Ferroptosis as a mechanism of placenta dysfunction in inflammation-driven preeclampsia.

BACKGROUND

Preeclampsia (PE) is a hypertensive pregnancy syndrome with significant clinical and pathological diversity, linked to distinct etiological subclasses. One etiological subclass of PE, characterized by increased inflammation at the maternal-fetal interface (I-PE), is strongly associated with preterm birth and fetal growth restriction, though its specific pathophysiology remains poorly understood. Inflammatory signals can induce iron overload, leading to ferroptosis-a programmed cell death process.

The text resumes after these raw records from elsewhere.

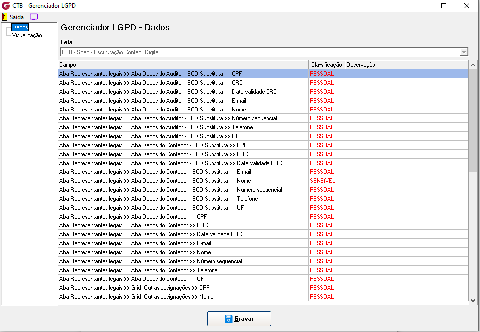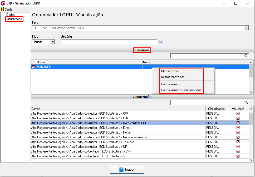 No menu Gerenciador, o responsável poderá configurar a classificação e a visibilidade de cada campo da tela. Serão exibidos todos os campos que possuem ser pessoais e/ou sensíveis, permitindo ao usuário autorizado gerenciar essas configurações conforme necessário, inclusive personalizando as permissões de visualização por usuário ou grupo.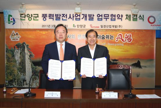 일경산업개발(회장 김형일)이 단양군과 20MW급 용량의 풍력발전단지 조성을 위한 MOU를 21일 체결했다고 밝혔다.
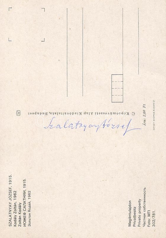 Leírás: 1983. Szalatnyai József festőművész sajátkezű aláírása az által készített Kodály-porté-képeslap hátoldalán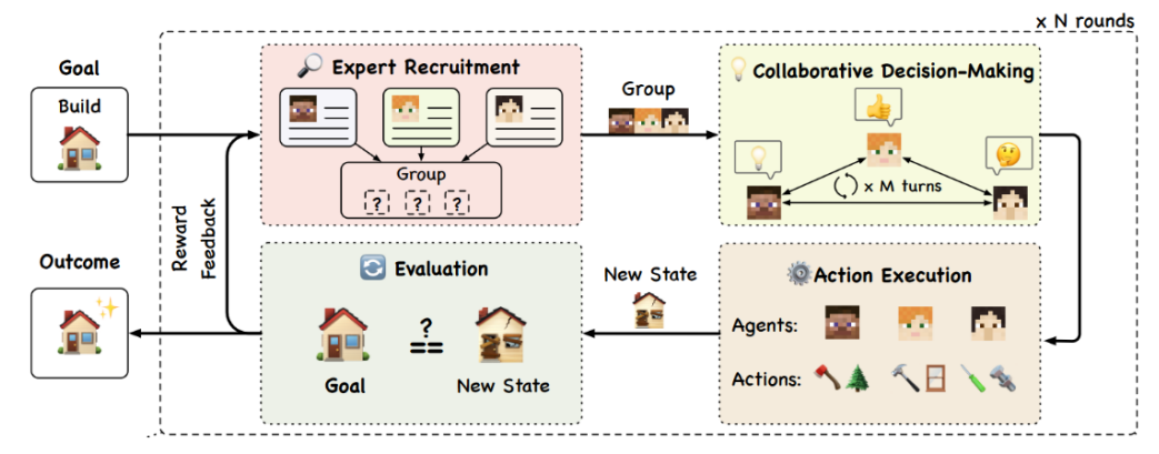 AgentVerse提出了一个用于多智能体协作的通用流程,如图13所示,分为四个阶段:“智能体招聘”、“协作决策”、“行动执行”和“评估与反馈”。通过多次迭代,每次迭代中智能体的角色都会发生变化,不同的智能体通过合作成功完成了任务。AgentVerse在完成任务求解问题的同时,也可以用于仿真,如游戏、社会行为等。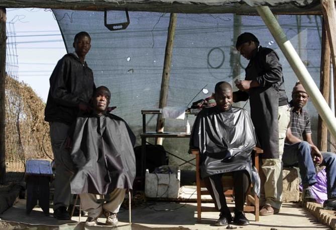 Sidewalk barbers ply their trade in Kliptown, Soweto, South Africa, Wednesday June 9,2010. Once an anti-apartheid battleground, the vast township of Soweto, from it's shacks to its growing stock of luxury homes, is now brimming with exhilaration as the World Cup opens on the edge of the sprawling township. For Sowetans, who number well over 1 million, it's a time not only to follow soccer, but also celebrate progress and reflect on unmet promises. (AP Photo/Denis Farrell)

Dysregulation of systemic and placental iron metabolism has been described in PE when considered as a single clinical entity, but previous studies have not accounted for distinct underlying etiologies. This study investigates the role of ferroptosis signaling in placental dysfunction across different PE subclasses.

METHODS

Histological analysis assessed placental iron accumulation and ferritin protein expression. Placental gene expression was evaluated for ferroptosis-related genes (FRGs) using gene set enrichment analysis (GSEA) on placenta samples from healthy controls and three previously described PE subclasses. Digital cytometry estimated cell type-specific expression of FRGs across these subclasses.

RESULTS

Significant placenta iron accumulation and reduced ferritin expression were found exclusively in I-PE subclass. GSEA showed enrichment of FRGs across various functional categories, including regulators, markers, suppressors, and unclassified FRGs in the placentas from I-PE. Digital cytometry indicated disrupted FRG expression in trophoblasts and mesodermal stromal cells in these placentas, consistent with histologically observed iron accumulation.

CONCLUSION

Placental iron accumulation and disrupted ferroptosis signaling in I-PE subclass suggests a novel mechanism of placental dysfunction unique to this subclass. Further research is needed to explore how regulating ferroptosis could aid in managing I-PE.